== Segment start ==

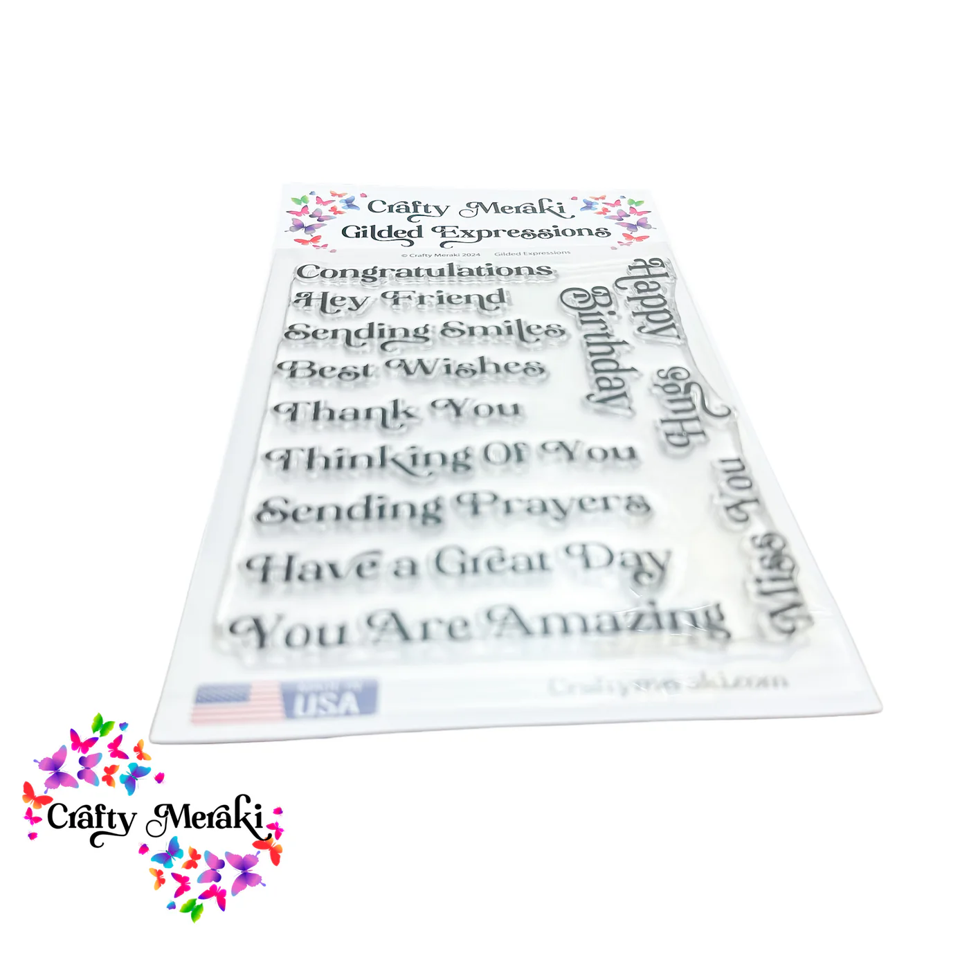 Enhance your gift-giving game with the Crafty Meraki Gilded Expression Stamp Set. With its versatile basic lines, this stamp can be used to congratulate, celebrate birthdays, send wishes, and greet friends. Each line has a unique meaning, adding a special touch to your cards. Elevate your gifting experience with this set.
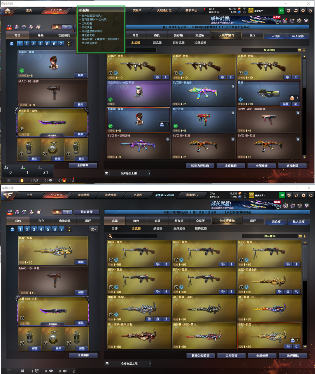 装备描述:排位:可以、、、、、、、生化(可以变更 背包、查看血量):无需换弹、3烈龙、5盘龙、2炼狱+音效、斯太尔蝴蝶、死亡之眼、异变清道夫-小人枪、MAC涂鸦、生化减速雷、超级对讲机、全部弹匣、、、、、、爆破四防:裁决音效卡、加利尔ACE-天袭、USP冥王、玄豹左轮、FAMAS G2-天戎、玄豹白虎、白虎、QBZ天罚、、、裁决音效、天罚音效、炼狱音效、、、10套玄豹雷、、、生化人物(机械姬)、爆破四防(传说星骇、玄豹)
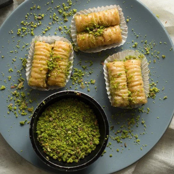 Baklava Fingers offer a portable twist on the classic dessert, with tightly rolled filo pastry filled with honeyed nuts, perfect for on-the-go indulgence.
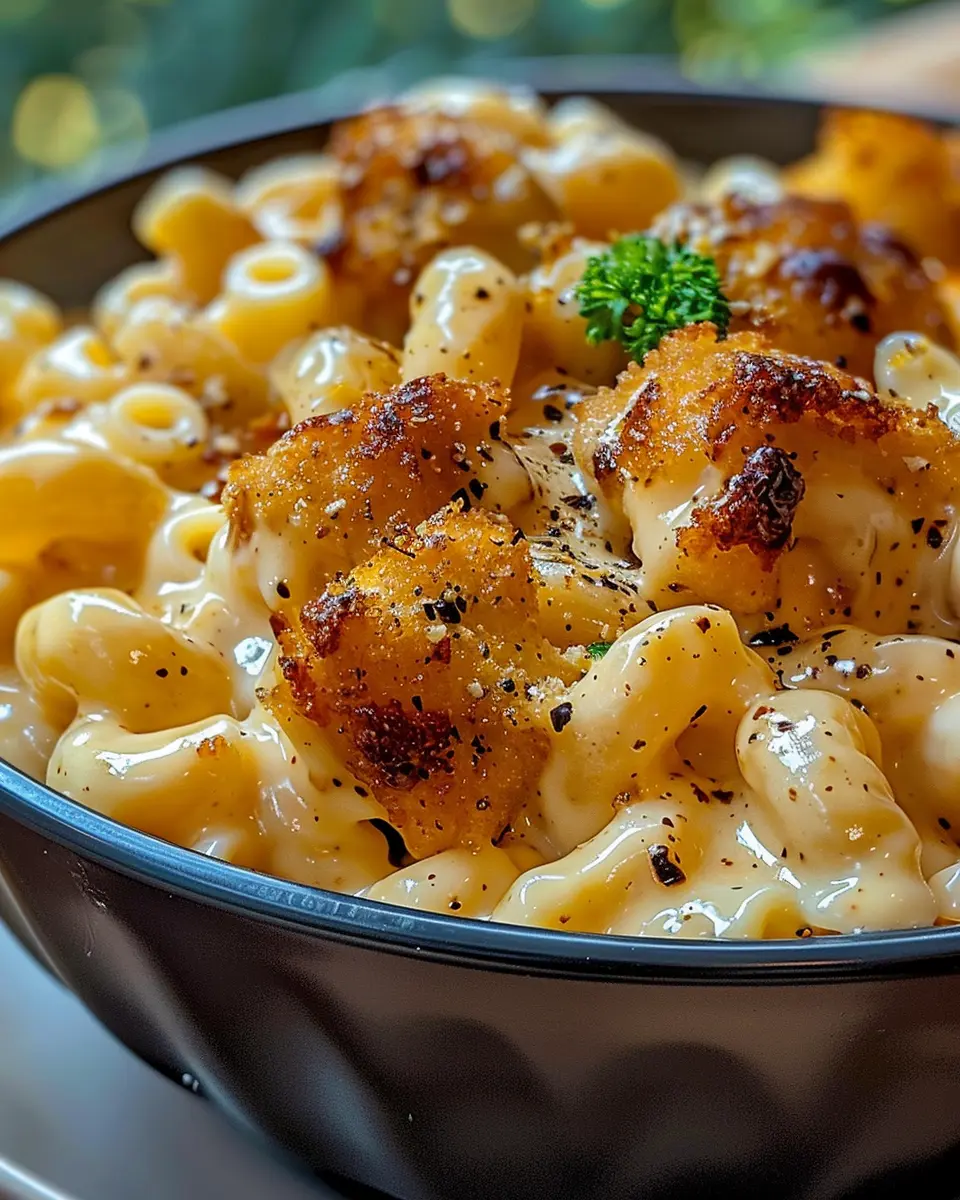 A delicious and indulgent twist on classic mac and cheese, featuring creamy sauce, honey, and pepper chicken.
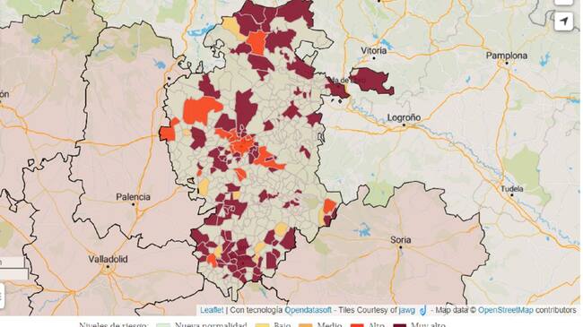 Por el contrario hay otros 16 municipios en los que todos los indicadores superan el mayor nivel de alerta por la pandemia: son Aranda de Duero, Caleruega, Fuentespina, Gumiel de Izán, Peñaranda de Duero, Vadocondes, Zazuar, Arandilla, Araúzo de Torre, Brazacorta, Huerta de Rey, Berlangas de Roa, Hoyales de Roa, Sotillo de la Ribera, Tórtoles de Esgueva, y Roa.
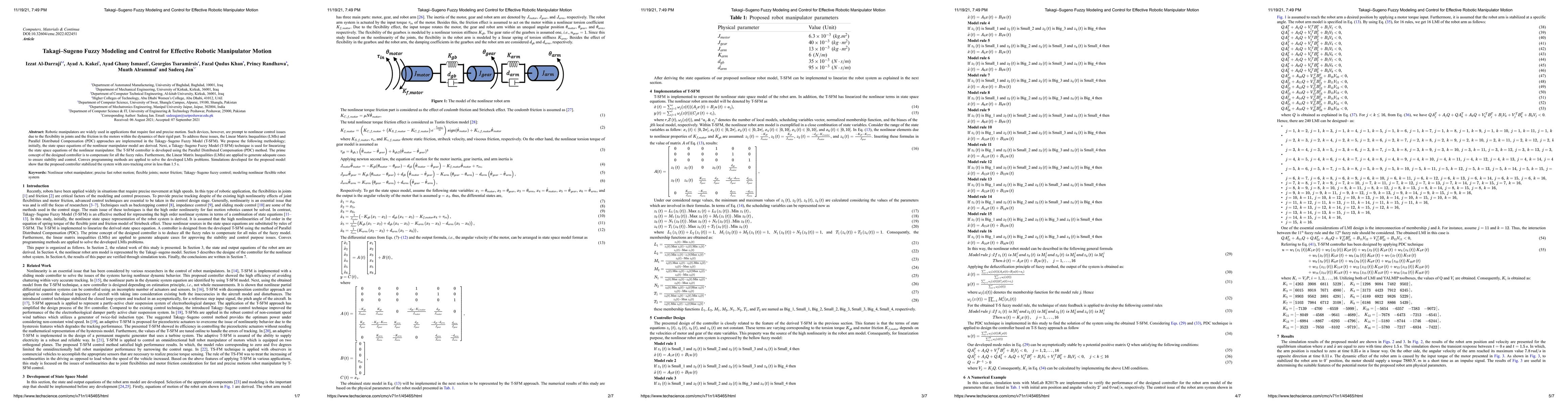 This paper proposes a Takagi-Sugeno Fuzzy Modeling and Control approach for robotic manipulators to address nonlinear control issues. The methodology involves deriving state space equations, linearizing them using T-SFM, and developing a PDC controller with LMIs to ensure stability and control, achieving zero tracking error in under 1.5 seconds.
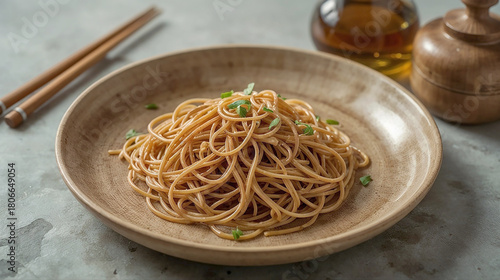 Minimalist Spaghetti Dish on Wooden Plate with Natural Light
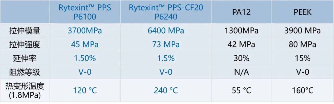 方醍 Rytexint™ PPS 与其他 SLS 材料物性参数对照表
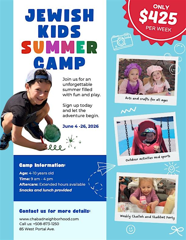 Get ready for an amazing summer at Jewisk Kids Summer Camp! This in-person camp is packed with fun activities, new friends, and exciting adventures. Whether your kid loves arts, games, or exploring, there's something awesome waiting. Don't miss out on a summer full of laughs and unforgettable memories!
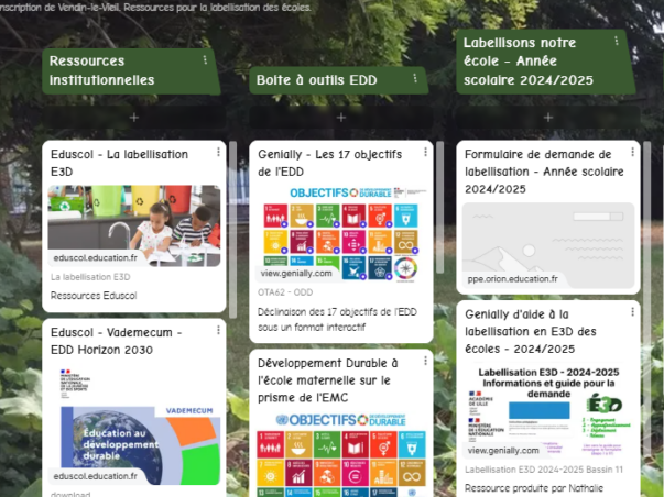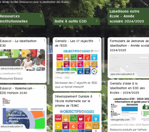 Vous trouverez dans ce padlet, toutes les informations pour la demande de labellisation E3D :

== Segment end ==

**PROBLEM TO SOLVE:** Which lines run from the one containing "This paper proposes" through the last line of the entries above? Output them exactly, both ends included, with no pictures.

**FINISHED EXERCISE:**
 This paper proposes a Takagi-Sugeno Fuzzy Modeling and Control approach for robotic manipulators to address nonlinear control issues. The methodology involves deriving state space equations, linearizing them using T-SFM, and developing a PDC controller with LMIs to ensure stability and control, achieving zero tracking error in under 1.5 seconds.
 Minimalist Spaghetti Dish on Wooden Plate with Natural Light
 方醍 Rytexint™ PPS 与其他 SLS 材料物性参数对照表
 Get ready for an amazing summer at Jewisk Kids Summer Camp! This in-person camp is packed with fun activities, new friends, and exciting adventures. Whether your kid loves arts, games, or exploring, there's something awesome waiting. Don't miss out on a summer full of laughs and unforgettable memories!
 Vous trouverez dans ce padlet, toutes les informations pour la demande de labellisation E3D :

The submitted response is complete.